# Ideas Para Proyecto



## JiGaMoVe (Abr 6, 2011)

Buenas, Me gustaría que alguien me diera una buena idea para un proyecto de mi colegio estoy en segundo año de electrónica a si que puede ser algo medio complicado pero llamativo y original agradeceré mucho la ayuda de su parte

Desde ya gracias


----------



## zxeth (Abr 6, 2011)

segundo año de ingeñeria o tecnicatura?, si es ingeñeria y es un proyecto final me tiraria a un robot o algo por el estilo, si es para la secundaria yo en 3er año de industrial hice un amplificador, con el que empece todo lo que se hasta ahora. Podes empezar con un tda2050 o tda2005. Yo hice uno a transistores de 2 watts que esta en redcircuits.com. Es el ampli box de 2watts


----------



## JiGaMoVe (Abr 6, 2011)

Claro, Disculpen estoy en un colegio técnico industrial en electrónica y agradezco la idea del amplificador pero eso es interesante para los que entendemos de electrónica pero no llamativo para los demás el año pasado hice un transmisor de radio FM de 200 metros de alcance y con frecuencia regulable fue bastante llamativo pero quiero ponerme un desafío aún mas amplio ademas se bastante puesto que soy autodidacta


----------



## zxeth (Abr 6, 2011)

si queres algo muy interesante podes hacer un led 3d cube o un proper clock.
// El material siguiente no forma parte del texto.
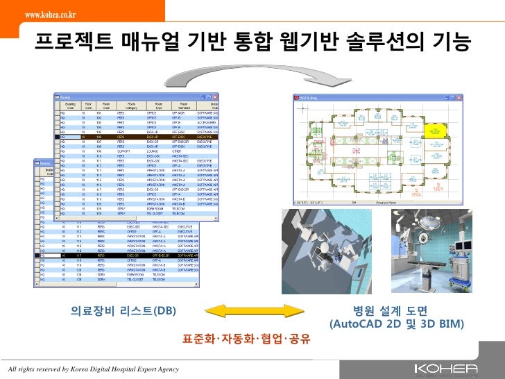 55. 55. 프로젝트 매뉴얼 기반 통합 웹기반 솔루션의 기능 의료장비 리스트(DB) 병웎 설계 도면 (AutoCAD 2D 및 3D BIM) 표준화‧자동화‧협업‧공유All rights reserved by Korea Digital Hospital Export Agency
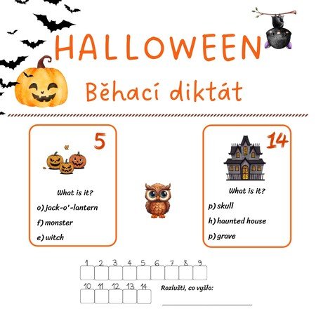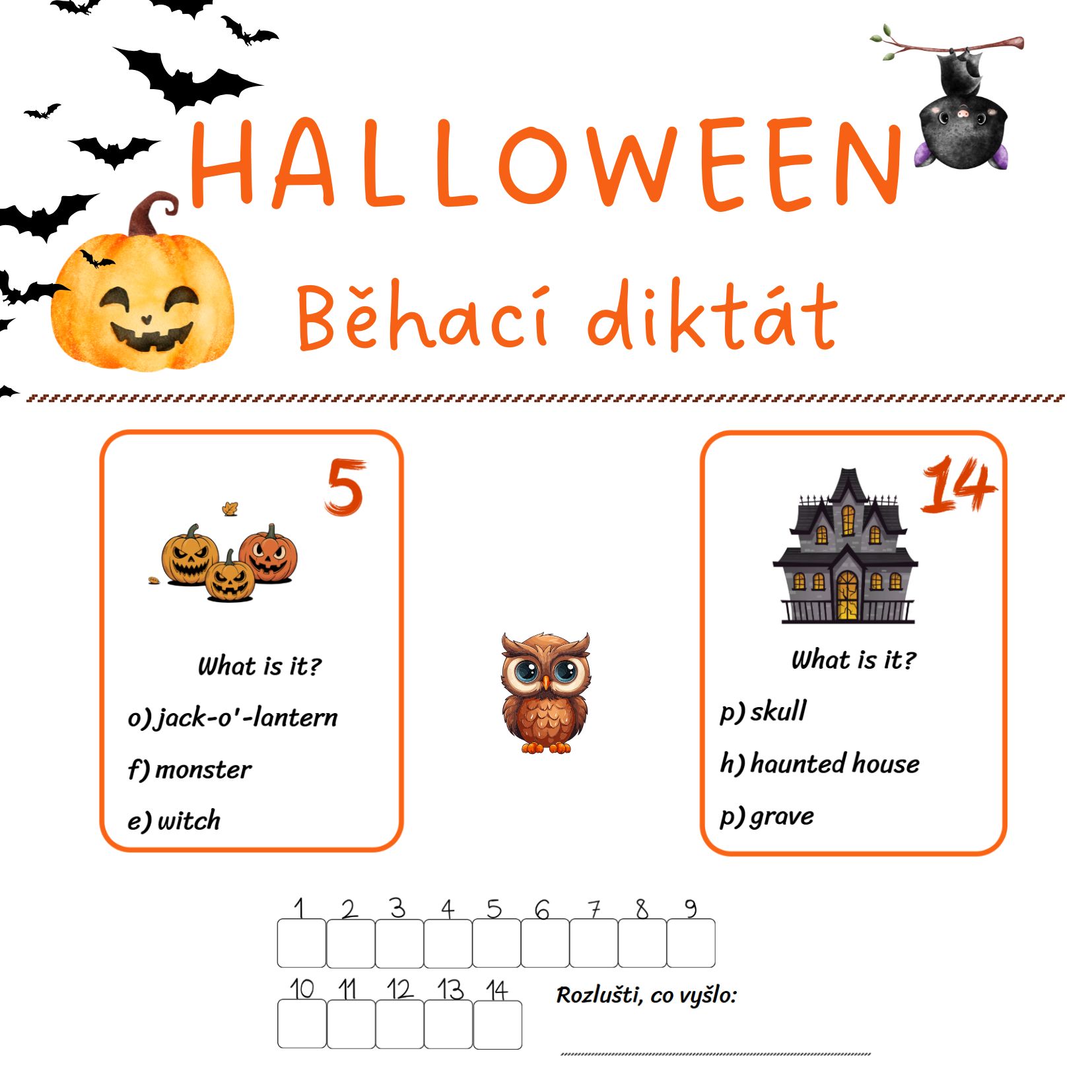 Běhací diktát na téma Halloween, včetně záznamového archu. Aktivita je vhodná pro výuku angličtiny, rozvíjí slovní zásobu, čtení, psaní i pohyb.
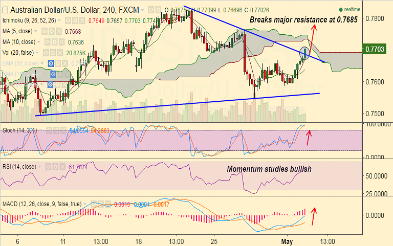 - Technically the pair is poised for upside. It has broken major trendline resistance at 0.7685 and is holding above 0.77 handle.
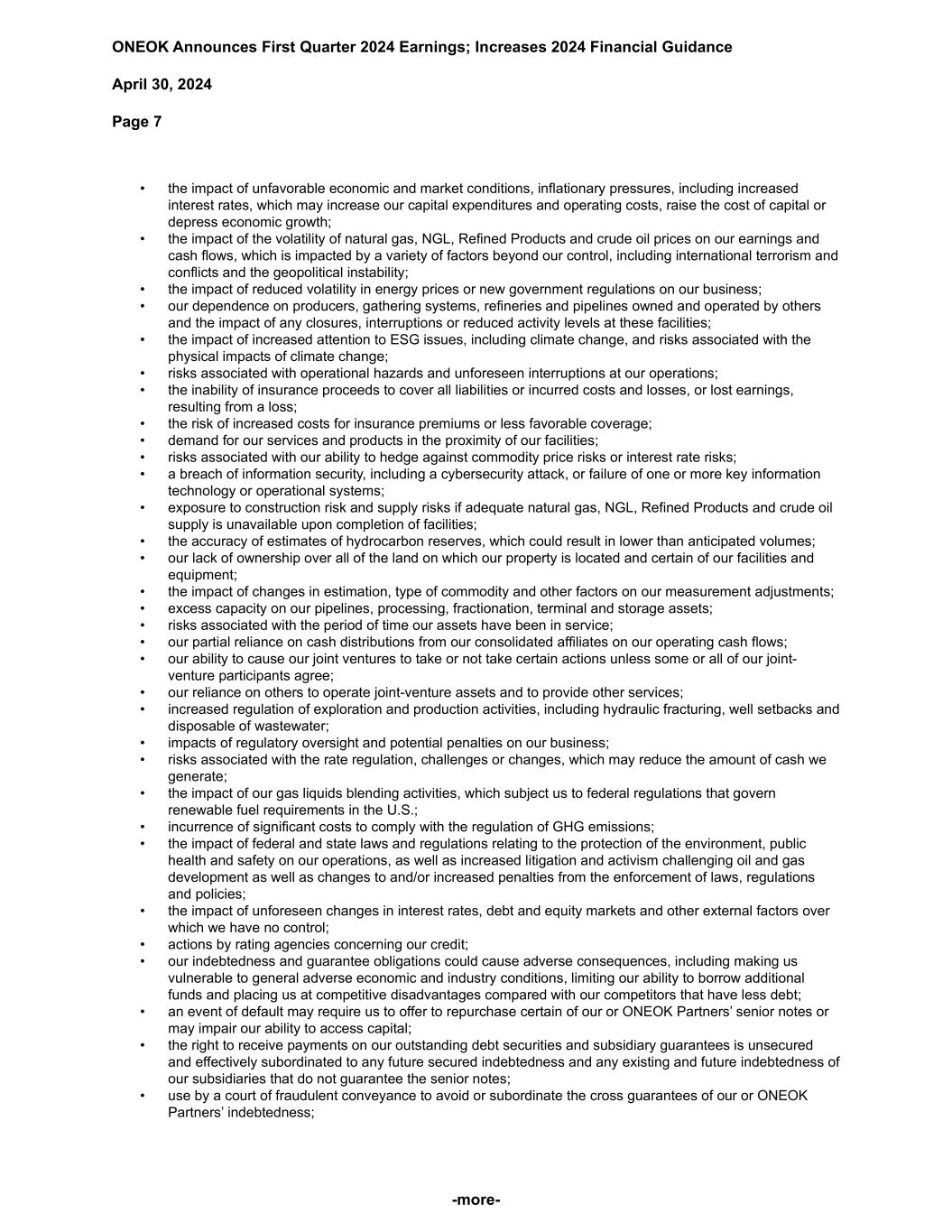 ONEOK Announces First Quarter 2024 Earnings; Increases 2024 Financial Guidance April 30, 2024 Page 7 -more- • the impact of unfavorable economic and market conditions, inflationary pressures, including increased interest rates, which may increase our capital expenditures and operating costs, raise the cost of capital or depress economic growth; • the impact of the volatility of natural gas, NGL, Refined Products and crude oil prices on our earnings and cash flows, which is impacted by a variety of factors beyond our control, including international terrorism and conflicts and the geopolitical instability; • the impact of reduced volatility in energy prices or new government regulations on our business; • our dependence on producers, gathering systems, refineries and pipelines owned and operated by others and the impact of any closures, interruptions or reduced activity levels at these facilities; • the impact of increased attention to ESG issues, including climate change, and risks associated with the physical impacts of climate change; • risks associated with operational hazards and unforeseen interruptions at our operations; • the inability of insurance proceeds to cover all liabilities or incurred costs and losses, or lost earnings, resulting from a loss; • the risk of increased costs for insurance premiums or less favorable coverage; • demand for our services and products in the proximity of our facilities; • risks associated with our ability to hedge against commodity price risks or interest rate risks; • a breach of information security, including a cybersecurity attack, or failure of one or more key information technology or operational systems; • exposure to construction risk and supply risks if adequate natural gas, NGL, Refined Products and crude oil supply is unavailable upon completion of facilities; • the accuracy of estimates of hydrocarbon reserves, which could result in lower than anticipated volumes; • our lack of ownership over all of the land on which our property is located and certain of our facilities and equipment; • the impact of changes in estimation, type of commodity and other factors on our measurement adjustments; • excess capacity on our pipelines, processing, fractionation, terminal and storage assets; • risks associated with the period of time our assets have been in service; • our partial reliance on cash distributions from our consolidated affiliates on our operating cash flows; • our ability to cause our joint ventures to take or not take certain actions unless some or all of our joint- venture participants agree; • our reliance on others to operate joint-venture assets and to provide other services; • increased regulation of exploration and production activities, including hydraulic fracturing, well setbacks and disposable of wastewater; • impacts of regulatory oversight and potential penalties on our business; • risks associated with the rate regulation, challenges or changes, which may reduce the amount of cash we generate; • the impact of our gas liquids blending activities, which subject us to federal regulations that govern renewable fuel requirements in the U.S.; • incurrence of significant costs to comply with the regulation of GHG emissions; • the impact of federal and state laws and regulations relating to the protection of the environment, public health and safety on our operations, as well as increased litigation and activism challenging oil and gas development as well as changes to and/or increased penalties from the enforcement of laws, regulations and policies; • the impact of unforeseen changes in interest rates, debt and equity markets and other external factors over which we have no control; • actions by rating agencies concerning our credit; • our indebtedness and guarantee obligations could cause adverse consequences, including making us vulnerable to general adverse economic and industry conditions, limiting our ability to borrow additional funds and placing us at competitive disadvantages compared with our competitors that have less debt; • an event of default may require us to offer to repurchase certain of our or ONEOK Partners’ senior notes or may impair our ability to access capital; • the right to receive payments on our outstanding debt securities and subsidiary guarantees is unsecured and effectively subordinated to any future secured indebtedness and any existing and future indebtedness of our subsidiaries that do not guarantee the senior notes; • use by a court of fraudulent conveyance to avoid or subordinate the cross guarantees of our or ONEOK Partners’ indebtedness;
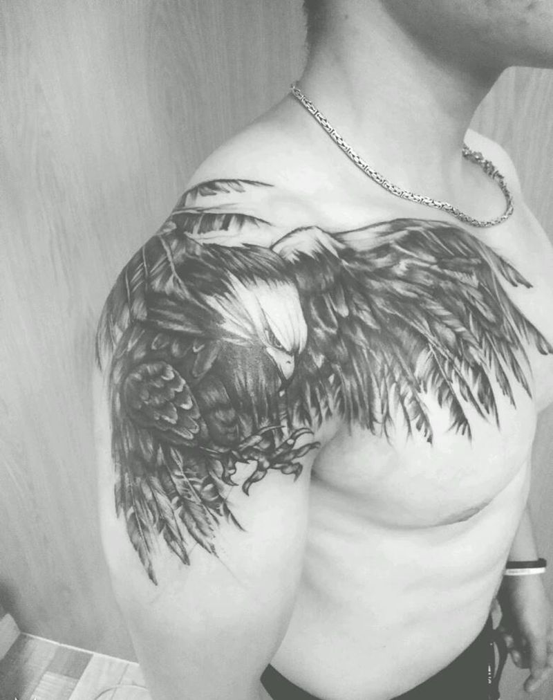 抽象鹰纹身图片_背部胸部欧美写实水墨赢抽象艺术纹身图案
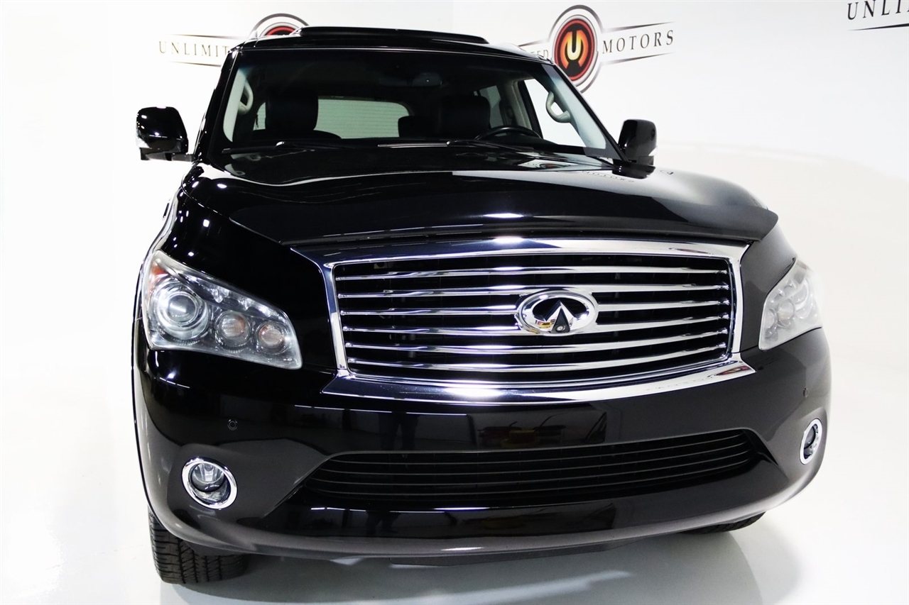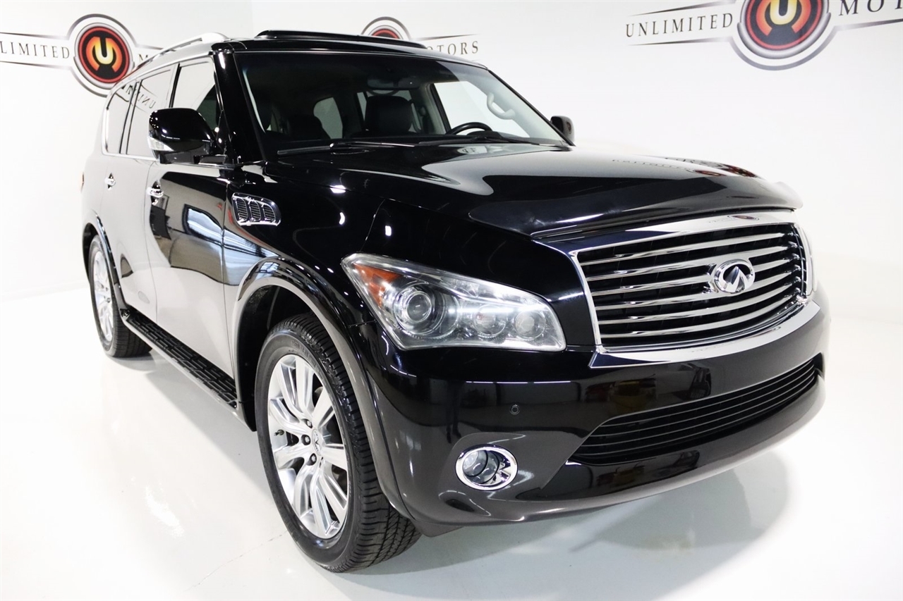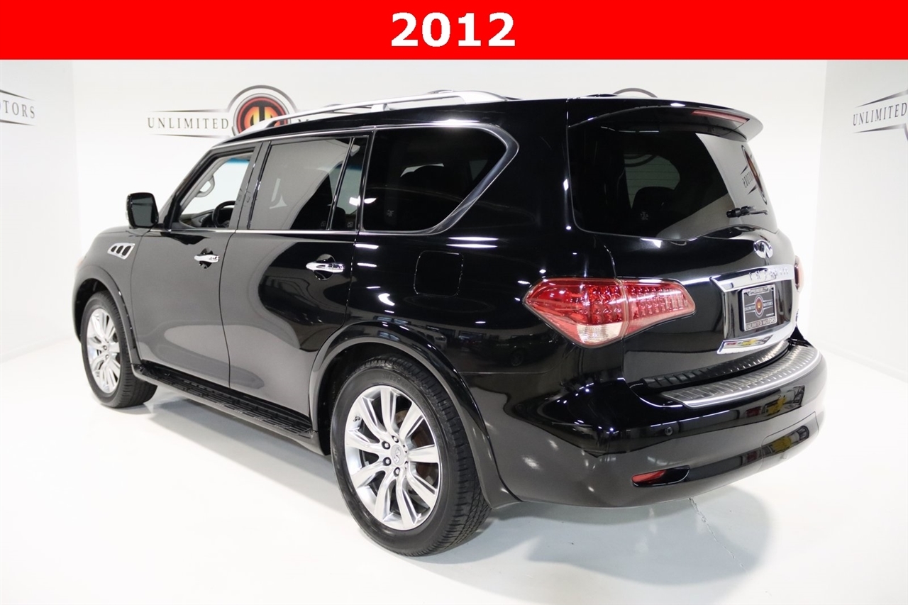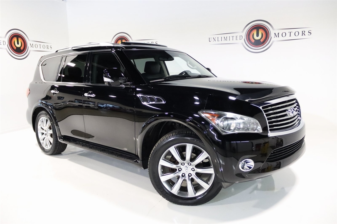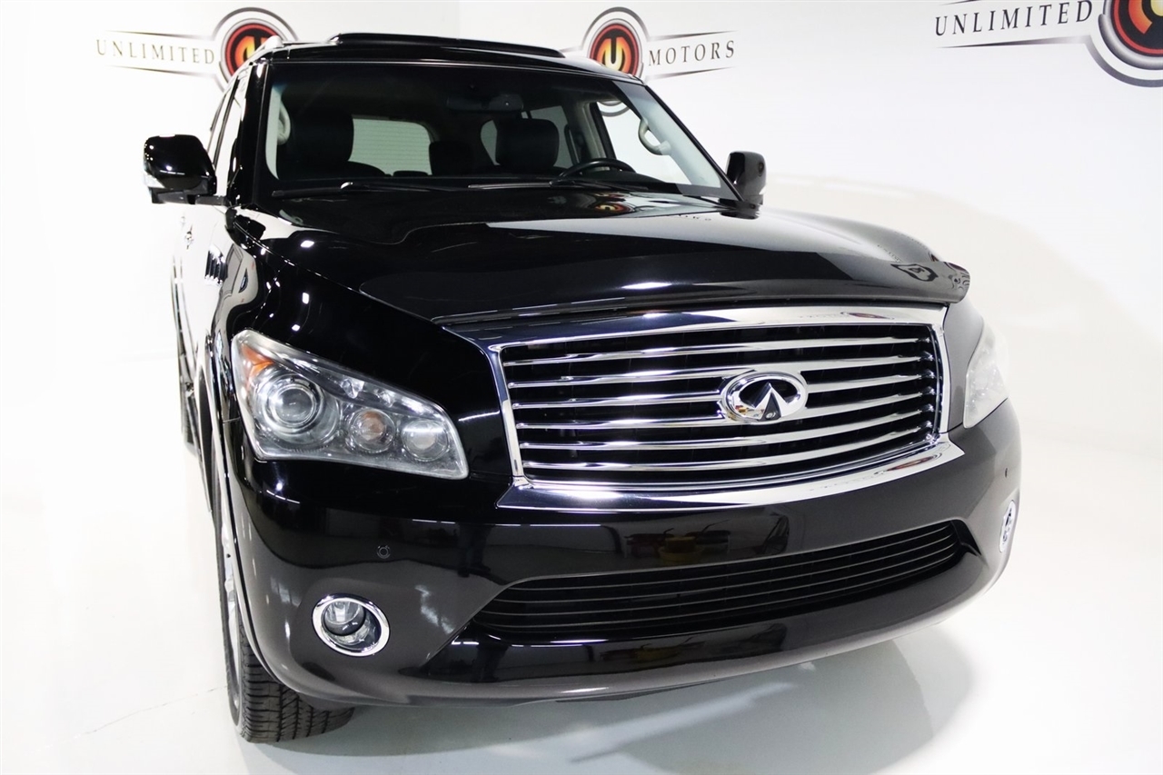 Navigation, Bluetooth, Back Up Camera, Entertainment, Sun/Moon Roof, 3rd Row, Heated Seats, Touch Screen, 120V Power Outlet, 13 Speakers, 2.937 Axle Ratio, 22 x 8.0 9-Spoke Forged Aluminum Alloy Wheels, 3rd row seats: split-bench, 4-Wheel Disc Brakes, ABS brakes, Air Conditioning, Alloy wheels, AM/FM radio: XM, Anti-whiplash front head restraints, Auto tilt-away steering wheel, Auto-dimming door mirrors, Auto-dimming Rear-View mirror, Auto-leveling suspension, Automatic temperature control, Brake assist, Bumpers: body-color, Carpeted Cargo Mat/Cargo Net & First Aid Kit, CD player, Delay-off headlights, Driver door bin, Driver vanity mirror, Driver's Seat Mounted Armrest, Dual 7 Color Monitors, Dual front impact airbags, Dual front side impact airbags, Electronic Stability Control, Exterior Parking Camera Rear, Four wheel independent suspension, Front anti-roll bar, Front Bucket Seats, Front Center Armrest, Front dual zone A/C, Front fog lights, Front reading lights, Fully automatic headlights, Garage door transmitter: HomeLink, Genuine wood console insert, Genuine wood dashboard insert, Genuine wood door panel insert, Heated 2nd-Row Seats, Heated door mirrors, Heated Front Bucket Seats, Heated front seats, Heated steering wheel, High intensity discharge headlights: Bi-Xenon, Illuminated entry, Illuminated Kick Plates, Leather Shift Knob, Leather steering wheel, Leather-Appointed Seat Trim w/Tuscan Burl, Low tire pressure warning, Memory seat, Navigation System, Occupant sensing airbag, Outside temperature display, Overhead airbag, Overhead console, Panic alarm, Passenger door bin, Passenger seat mounted armrest, Passenger vanity mirror, Power door mirrors, Power driver seat, Power Liftgate, Power moonroof, Power passenger seat, Power steering, Power windows, Radio data system, Radio: Bose Premium Sound System w/XM Satellite, Rain sensing wipers, Rear air conditioning, Rear anti-roll bar, Rear audio controls, Rear reading lights, Rear seat center armrest, Rear window defroster, Rear window wiper, Reclining 3rd row seat, Remote keyless entry, Roof rack: rails only, Roof Rail Crossbars, Security system, Speed control, Speed-sensing steering, Split folding rear seat, Spoiler, Stainless Steel Rear Bumper Protector, Steering wheel memory, Steering wheel mounted audio controls, Tachometer, Telescoping steering wheel, Theater Package, Tilt steering wheel, Tire and Wheel Package, Traction control, Trip computer, Turn signal indicator mirrors, Variably intermittent wipers, Voltmeter, Wireless Headphones (2). CARFAX One-Owner. Clean CARFAX. Odometer is 104483 miles below market average!2012 Black Obsidian INFINITI 4D Sport Utility QX56 AWD 7-Speed Automatic 5.6L V8 DOHC 32VAwards: * JD Power APEAL StudyVisit our website www.iumotors.com to view 100s of newer vehicles, more pictures and info, or to apply for financing. Rates are incredibly low for approved credit. We offer extended warranties, protection packages, and insurance. We assure you the best experience at any of our 4 locations and unbeatable prices and quality. At Unlimited Motors we believe in MARKET VALUE PRICING. We use real-time Internet price comparisons to constantly adjust prices to provide ALL BUYERS The BEST PRICE possible. We do not mark them up, to mark them down! Our entire team is committed to helping you buy a car the way we would want to buy a car! We utilize state-of-the-art technology to constantly monitor pricing trends to offer our shoppers the best competitive pricing, value, and experience. We sell and service all makes and models of Pre-owned / Used Vehicles Used Cars, Used Trucks, Used Sport Utility, Lamborghini, Ferrari, Bentley, Rolls Royce, McLaren, Maserati, Ford, Chevrolet/Chevy, Honda, Toyota, Porsche, Land Rover, Jaguar, INFINITI, Audi, Nissan, Mazda, Hyundai, Chrysler, Jeep, Dodge, Ram, SRT, Mitsubishi, Lexus, Kia, Volkswagen, Mini, BMW, Mercedes, Fiat, Volvo, GMC, Cadillac, Lincoln as well as other brands. P

Eso es todo con pics


----------



## JiGaMoVe (Abr 7, 2011)

Preferiría algo sin PIC gracias


----------



## zxeth (Abr 7, 2011)

ha si empezamos asi no hay mucho interesante para hacer jajajajaja, recien vi el ambilight de mnicolau y era una muy buena propuesta pero va con pic. La otra es una fuente spms, hay un monton por el foro


----------



## NINOCHIP (Abr 14, 2011)

Antes de aportar un proyecto innovador recuerden que toda idea innovadora puede ser registrada en el Registro de la Propiedad Intelectual, Moreno 1228 CABA (Argentina).
El trámite es simple. Se coloca en un sobre la idea innovadora, con planos detallados y toda la info posible. En mesa de entrada luego de completar una planilla por triplicado se entrega el sobre y queda en custodia por tres años, es decir que por tres años se reconocerá la innovación a partir de la fecha de entrada teniendo todos los derechos sobre su innovación. El costo no lo recuerdo pero creo que es de $25 y se renueva cada tres años.


----------



## Foox (Abr 18, 2011)

Un circuito que con aplausos se encienda o apague la luz?

Un audioritmico ?

Un recipiente con una base que vibre, para mover el percloruro mientras come el cobre placas? con un motor paso a paso ??


----------